Personal information
- Full name: Leonard Stolz
- Date of birth: 15 February 1991 (age 34)
- Place of birth: Munich, Germany
- Height: 1.81 m (5 ft 11 in)
- Position(s): Midfielder

Youth career
- 2004–2011: 1860 Munich

College career
- Years: Team / Apps / (Gls)
- 2011: George Mason Patriots / 18 / (4)
- 2012−2014: UCLA Bruins / 63 / (20)

Senior career*
- Years: Team / Apps / (Gls)
- 2010–2011: 1860 Munich II / 11 / (0)
- 2015: New York Red Bulls / 0 / (0)
- 2015: → New York Red Bulls II (loan) / 22 / (4)
- Total:  / 33 / (4)

= Leo Stolz =

German footballer

Leo Stolz (born 15 February 1991) is a German former professional footballer who played as a midfielder.

==Career==

===Youth and college===
Stolz began his career playing at SV Pullach. Soon he joined the youth system of 1860 Munich in 2004. He progressed in the youth system and became a regular starter for the club in the Under 19 Bundesliga. In 2010, he joined 1860 Munich II in the Regionalliga Süd. He made his debut for the team on 15 October 2010 in a 3–1 victory over SV Wehen Wiesbaden II. In his first season with Munich II Stolz appeared in 11 league matches as a central midfielder.

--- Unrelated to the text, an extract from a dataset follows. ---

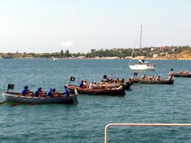Затем прошли парусные гонки ялов. Об их результатах мы сообщим чуть позже. Пока же отмечу, что это четвертый вид состязаний 84-й спартакиады ЧФ. О трех ранее проведенных в зачет спартакиады уже сообщалось. Это перетягивание каната, офицерское троеборье, стрельба из штатного оружия. По их результатам, как сообщил главный секретарь спартакиады Александр Радошнов, лидирует команда «Горизонт». На втором месте «Рассвет» - связисты флота, тройку призеров замыкает команда «Гроза».

Stolz was offered a senior contract with Munich 1860 in 2011 but decided to play college soccer in the United States joining George Mason University. In his first season in the United States Stolz appeared in 18 matches and scored four goals. After a strong first season, Stolz decided to transfer to UCLA. In three years with the Bruins, Stolz played in 63 matches and scored 20 goals and recorded 22 assists. At the end of the 2014 season, Stolz was awarded the Hermann Trophy recognizing him as the top college soccer player in the country. Stolz and his UCLA team reached their first College Championship final in December 2014, but lost to Virginia on penalties.

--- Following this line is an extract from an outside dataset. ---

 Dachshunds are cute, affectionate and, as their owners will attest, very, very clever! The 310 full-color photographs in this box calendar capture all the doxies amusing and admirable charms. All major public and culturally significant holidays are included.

Stolz graduated from ESADE Business School, Barcelona on 28 October 2017 successfully finishing his master's degree in international management.

=== New York Red Bulls ===
On 15 January 2015, Stolz was selected 18th overall by New York Red Bulls in the 2015 MLS SuperDraft. Stolz signed a contract with the Red Bulls on 17 January 2015.

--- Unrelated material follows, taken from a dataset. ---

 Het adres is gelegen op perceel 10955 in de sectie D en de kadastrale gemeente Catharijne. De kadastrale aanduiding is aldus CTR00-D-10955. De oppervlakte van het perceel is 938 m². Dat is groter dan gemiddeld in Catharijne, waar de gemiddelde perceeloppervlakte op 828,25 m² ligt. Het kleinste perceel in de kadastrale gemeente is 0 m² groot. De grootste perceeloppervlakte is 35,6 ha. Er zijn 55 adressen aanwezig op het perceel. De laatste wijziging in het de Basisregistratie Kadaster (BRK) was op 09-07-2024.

Stolz was loaned to affiliate side New York Red Bulls II and captained the side in its first ever match on 28 March 2015 in a 0–0 draw with Rochester Rhinos. On 4 April 2015, Stolz scored his first goal for New York Red Bulls II in a 4–1 victory over Toronto FC II, the first victory in club history.

Stolz was released by Red Bulls at the end of the 2015 MLS season.